# Beratung für Hechtschnur und Probleme mit Rolle



## smallphil (6. April 2010)

Hallo habe die Shimano Joy XT in 2,40m Länge mit der Jenzi Connara 8050. Möchte damit diesen Sommer in Schweden in verschiedenen Seen von Ruderboot und Ufer aus auf Hecht angeln. Erwarte aus den erfahrungen vom letzten Jahr einige kapitale Brocken... Werde aber wegen der stark bewachsenen Seen hauptsächlich Oberflächenangeln am Ufer mit ein Paar Poppern, Rasselwobblern und Spinnern betreiben. Ich hab nur noch ein Paar offene Fragen:

-Welche Schnur? Wie dick? Geflochten oder Monofil?
-Sind die Ringe meiner Rute für geflochtene Schnüre geeignet?
-Meine Rolle ist eigentlich für 0,35er Schnur. Gibt es da Probleme, wenn ich dünnere Schnur aufziehe? Weil 0,35er Geflochtene ja wohl etwas zu stark wäre 
-Hatte eigentlich vor mit Kevlarvorfach zu angeln, weil Stalvofächer so schnell knicken. Welche könntet ihr empfehlen?


----------



## angelpfeife (6. April 2010)

*AW: Beratung für Hechtschnur und Probleme mit Rolle*

Nimm Geflochtene, am besten Powerpro in 0.15mm. Für die Ringe wird es da keine Probleme geben da mitlerweile so gut wie alle Ringe für Geflochtene geeignet sind. Und auch nicht für die Rolle, da die 0.35 nur ein Richtwert ist, um zu sehen wie viel schnur drauf passt. Wäre ja sinnlos wenn da steht das da 2km 0.04er drauf geht oder?
Zum Vorfach: *KEVLAR IST NICHT HECHTSICHER!
*So zumindest sind meine Erfahrungen. Winmal ausprobiert und gleich nen PB Hecht gefangen aber als ich mir das Vorfach danach angeschaut hab war ich erschrocken. Es war so gut wie durch. Seitdem nehm ich nurnoch Stahl.


----------



## smallphil (6. April 2010)

*AW: Beratung für Hechtschnur und Probleme mit Rolle*

Gut vielen Dank, das mit dem Kevlar war ein Tipp von nem Kumpel, aber ich war mir bei der Sache auch nicht ganz sicher...


----------



## Khaane (6. April 2010)

*AW: Beratung für Hechtschnur und Probleme mit Rolle*

Naja, Rute und Rolle sind alles andere als gut aufeinander abgestimmt.

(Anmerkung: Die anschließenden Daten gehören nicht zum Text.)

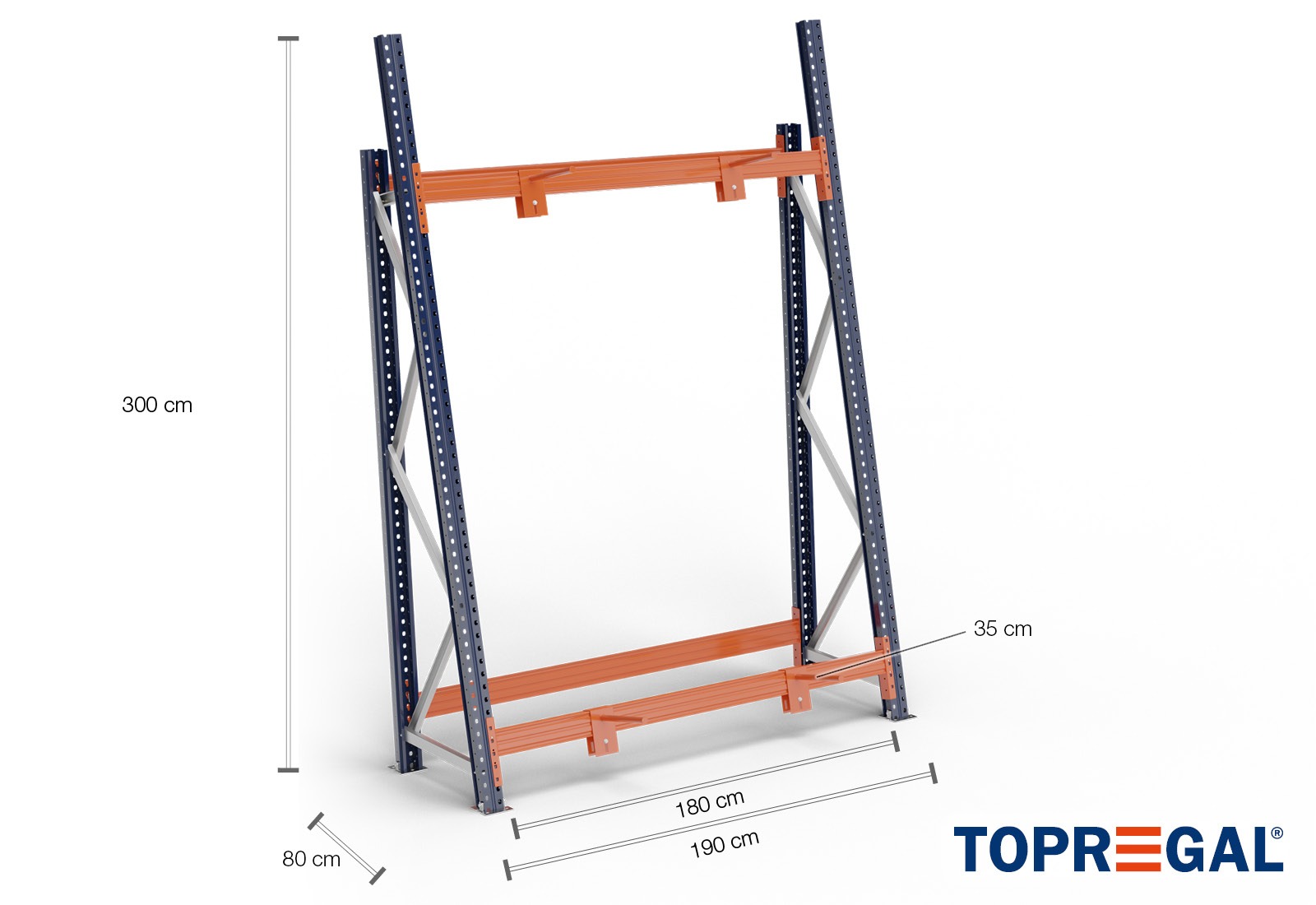 Denne fuldt konfigurerede vertikale reol er ideel til opbevaring af lette lange varer indendørs. Takket være den praktiske vertikale opbevaring kan du hurtigt se din varebeholdning og nemt hente den frem. Denne type opbevaring er også særlig pladsbesparende. Brug den vertikale reol TOPREGAL til for eksempel bordplader, længere træprofiler i isenkræmmeren eller også i skiafdelingen i sportsbutikker.

Wenn ich von der Rute ausgehen, dann empfehle ich dir 10lb PowerPro phantomred, wenn man von der Rolle ausgeht sollten es schon 15lb PowerPro sein.

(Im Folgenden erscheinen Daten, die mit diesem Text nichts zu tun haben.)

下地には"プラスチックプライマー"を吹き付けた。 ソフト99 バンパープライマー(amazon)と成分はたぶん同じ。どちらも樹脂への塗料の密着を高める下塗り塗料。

Optimal wäre es gewesen, wenn du dich vor dem Kauf beraten lassen hättest - Als Vorfach kannst du Kevlar nehmen, Kauf dir vernünftige Quetschhülsen und gute Wirbel (sehr wichtig) und binde dir die Vorfächer selbst. 

Die Angabe auf der VK-Seite bzgl. der Schnur dient lediglich als Größenmaßstab und hat eher wenig mit der verwendbaren Schnur zu tun, da kannst du von 0,20mm - 0,50mm alles problemlos fischen - Würde aber aufgrund der wahrscheinlich bescheidenen Schnurwicklung eher zu einer 15-20lb PowerPro raten.


----------



## pfefferladen (6. April 2010)

*AW: Beratung für Hechtschnur und Probleme mit Rolle*

Hi,

die Rute ist zu schwach und die Rolle ist recht zum Ansitzen.
Die Rute ist für leichtes Spinfischenauf Barsch und Forellen.Wenn du mit kapitalen Hechten ( 1m+) dann würd ich mir da etwas anderes besorgen.

Das gleiche gilt für die Rolle.Zum Spinnen nur als Notlösung.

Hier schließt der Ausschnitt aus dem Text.